Learn it well Demo Chapter 2: Coordinating the Action Potential with the Surface EKG

Fig. 1: Coordinating the Cardiac Action Potential with the Surface Electrocardiogram (EKG)

From the upper portion of Fig. 1 follow the Cardiac Action Potential. At the Resting potential (Phase 4 of the Action Potential) where the charge is -90 mV it is clear that it has a negative polarity. Depolarization occurs when this negative charge is overcome by movement of mostly sodium ions and fewer calcium ions into the cell during Phase 0 making the charge +25 mV (a bit of overshoot) that is corrected to a charge of approximately 0 mV with closure of the sodium channels in Phase 1. This change in charge from -90 mV to 0 mV from Phase 4 through Phase 1 is true depolarization (or loss of polarity).

During Phase 2 calcium ions enter the cell as potassium ions exit and during Phase 3 potassium ions exit the cell, ultimately regaining a negative charge of -90 mV in Phase 4. This is called Repolarization and indeed the cell is again polarized.

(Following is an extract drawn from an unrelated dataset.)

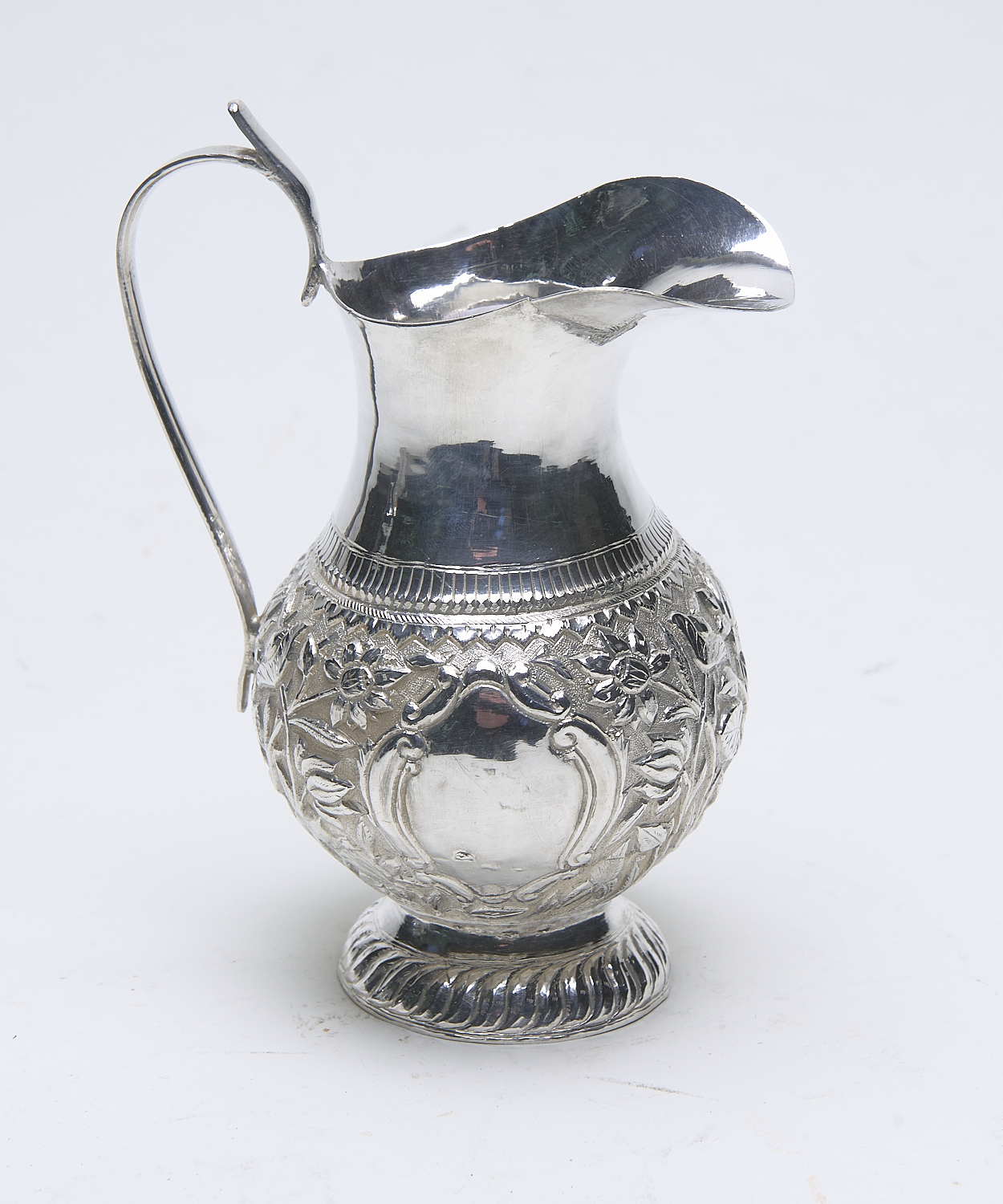 A FLORAL EMBOSSED JUG H.16CM, LEONARD JOEL LOCAL DELIVERY SIZE: SMALL

Adhesive electrodes placed on the skin can detect electrical activity of the heart when attached to an electrocardiograph (the instrument that records the electrocardiogram or EKG). The electrocardiograph inscribes a positive (upward) deflection on the EKG tracing when a wave of positive (+) charges passes the location of the electrode on the skin.

The surface electrocardiogram (EKG) in the lower portion of Fig. 1 has the same timing from Q to R to S to T and corresponds with the timing from Phase 0 to Phase 4 on the Cardiac Action Potential. The EKG is the sum of all of the action potentials in the heart at any instant. The QRS represents Depolarization and the ST segment and T wave represent Repolarization. The PR will be discussed in Chapter 3 and the QT interval in Chapter 17.

Refractory Period: Once the cardiac action potential initiates there is a period of time that the cardiac cell is unable to initiate another action potential. This period of time is slightly shorter than the action potential duration (Fig. 1) and is called the refractory period. If a stimulus occurs during the refractory period it cannot be conducted. The refractory period is cardio-protective as it can prevent different forms of reentrant tachycardia.

The refractory period varies in different locations of the heart (i.e.: AV node or ventricular cells).

The refractory period and the QT interval on the EKG have approximately the same duration and can be influenced by electrolyte disturbances and side effects from drugs such as certain cardiac antiarrhythmic drugs, antibiotics, antidepressants and others. This is addressed in Chapter 17.

Examples in electrocardiography where the refractory period applies include blocked APCs (Fig. 18), functional (rate-related) aberrant intraventricular conduction (Fig. 92) and determining why an implanted ventricular pacemaker impulse that falls in the refractory period fails to capture (Fig. 86).